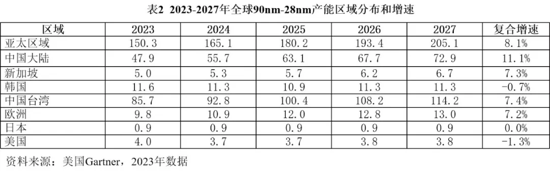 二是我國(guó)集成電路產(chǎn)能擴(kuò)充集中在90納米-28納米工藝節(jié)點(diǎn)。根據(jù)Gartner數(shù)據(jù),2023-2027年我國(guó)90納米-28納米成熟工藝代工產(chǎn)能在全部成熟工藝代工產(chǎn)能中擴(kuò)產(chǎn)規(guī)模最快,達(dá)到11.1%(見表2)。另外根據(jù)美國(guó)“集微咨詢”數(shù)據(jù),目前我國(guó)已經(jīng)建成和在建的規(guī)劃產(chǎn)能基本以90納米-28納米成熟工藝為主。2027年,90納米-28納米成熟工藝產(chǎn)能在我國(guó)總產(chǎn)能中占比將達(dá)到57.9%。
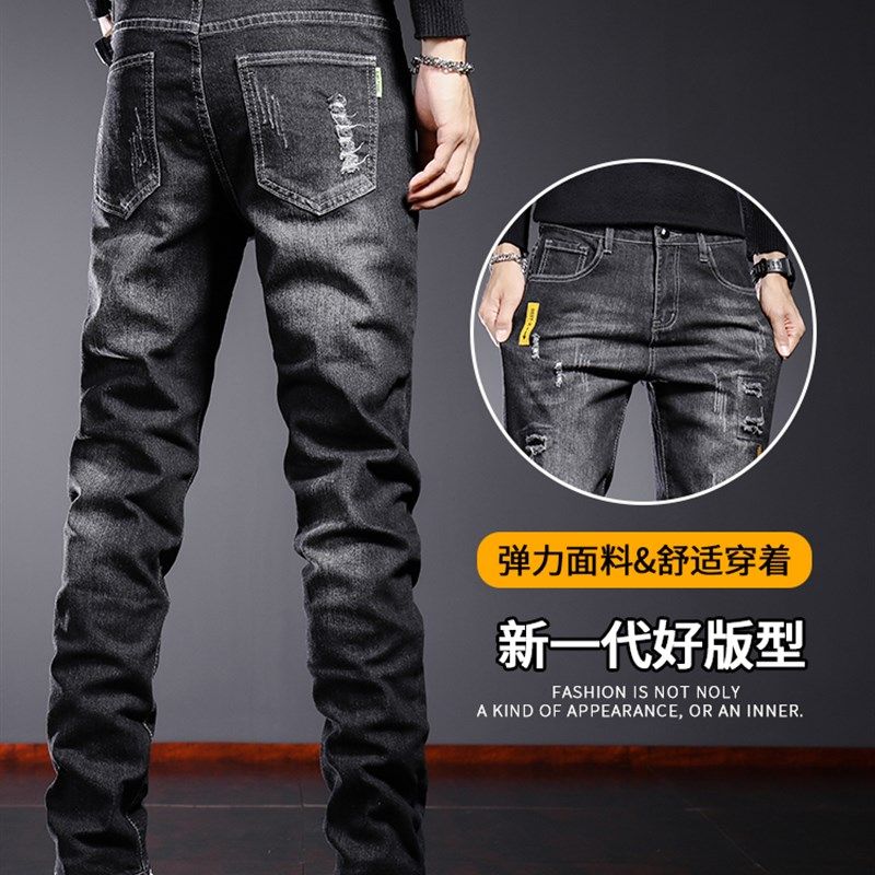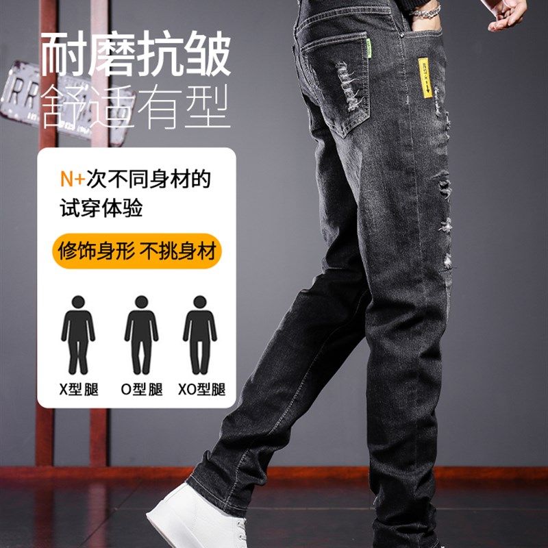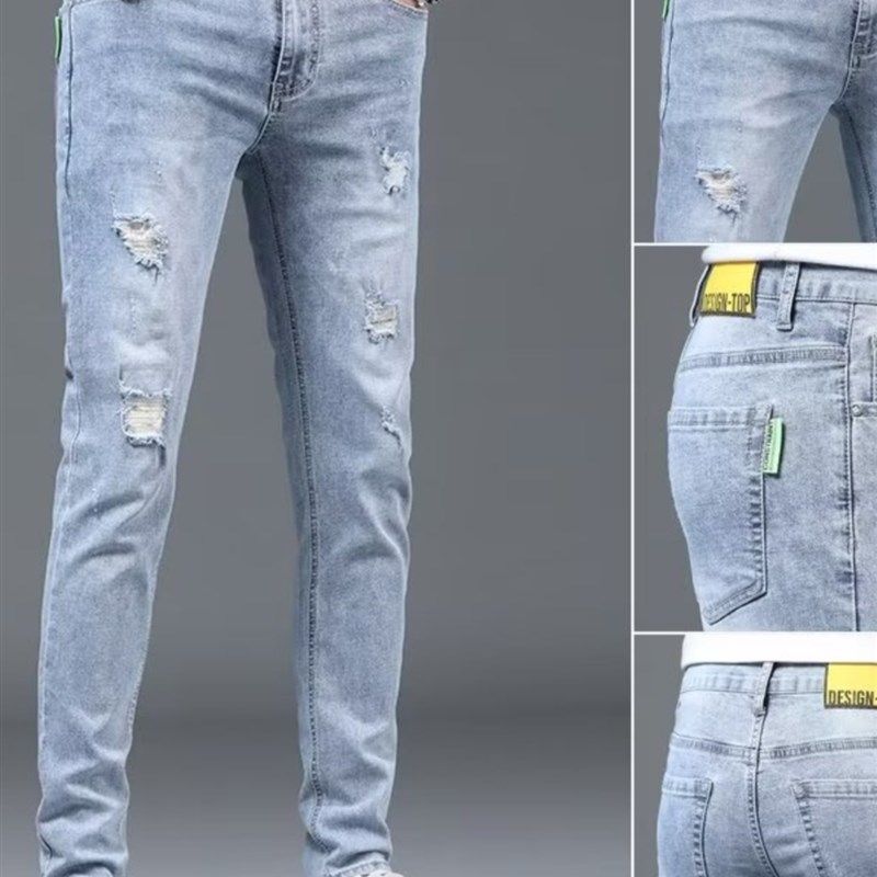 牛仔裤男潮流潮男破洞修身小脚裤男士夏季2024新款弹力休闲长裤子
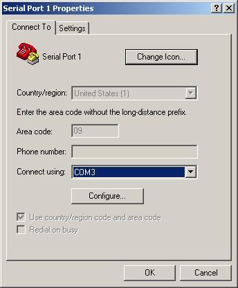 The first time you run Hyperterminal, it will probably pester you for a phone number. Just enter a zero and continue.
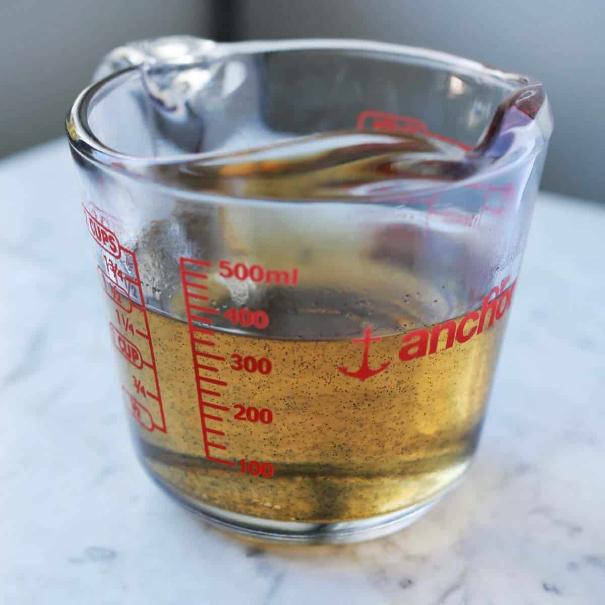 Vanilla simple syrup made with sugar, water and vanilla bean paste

* * *

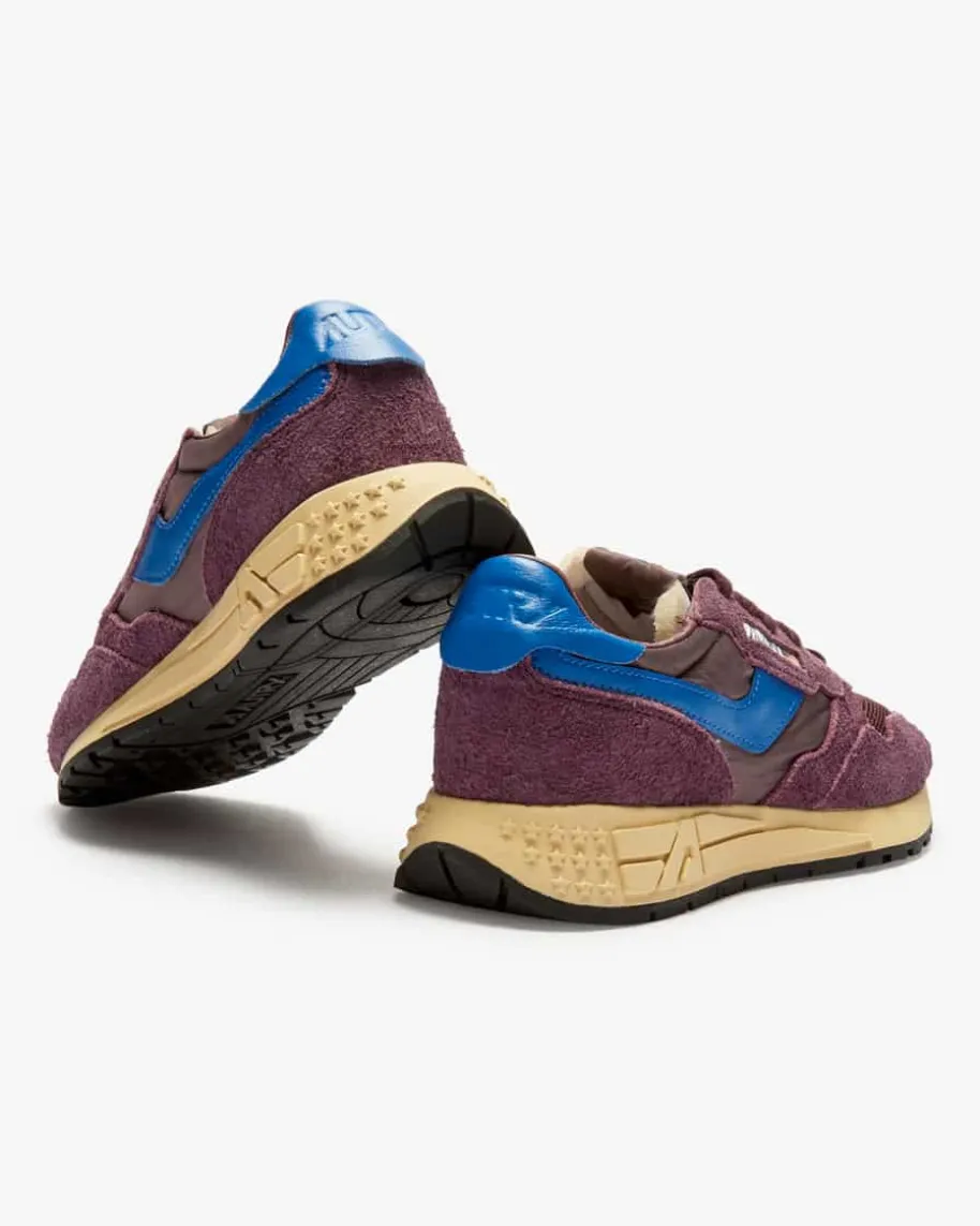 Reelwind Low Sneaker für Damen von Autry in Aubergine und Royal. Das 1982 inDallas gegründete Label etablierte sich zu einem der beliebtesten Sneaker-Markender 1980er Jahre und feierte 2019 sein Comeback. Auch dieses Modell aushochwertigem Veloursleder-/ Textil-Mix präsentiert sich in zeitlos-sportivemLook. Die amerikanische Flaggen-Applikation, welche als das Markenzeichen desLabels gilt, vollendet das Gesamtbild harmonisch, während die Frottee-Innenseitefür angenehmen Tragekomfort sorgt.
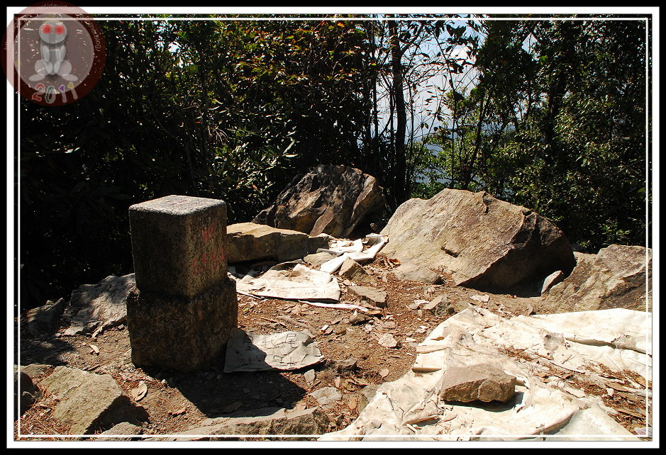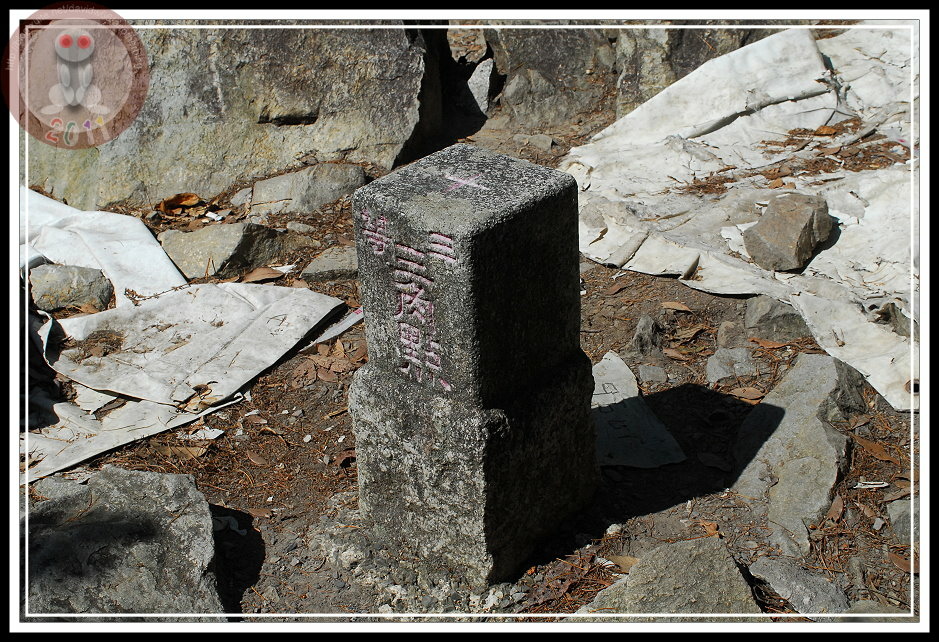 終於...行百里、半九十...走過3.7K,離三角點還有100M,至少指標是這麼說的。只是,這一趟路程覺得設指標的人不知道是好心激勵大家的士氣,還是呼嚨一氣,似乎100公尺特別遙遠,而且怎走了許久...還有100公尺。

■ **WHAT NEEDS TO BE DONE**:
Starting at the line above with "牛仔裤男潮流潮男破洞修身小脚裤男士夏季2024新款弹力休闲长裤子", output every line exactly up to and including the line with "Vanilla simple syrup", but none of the pictures.

■ **RESULT**:
 牛仔裤男潮流潮男破洞修身小脚裤男士夏季2024新款弹力休闲长裤子
 The first time you run Hyperterminal, it will probably pester you for a phone number. Just enter a zero and continue.
 Vanilla simple syrup made with sugar, water and vanilla bean paste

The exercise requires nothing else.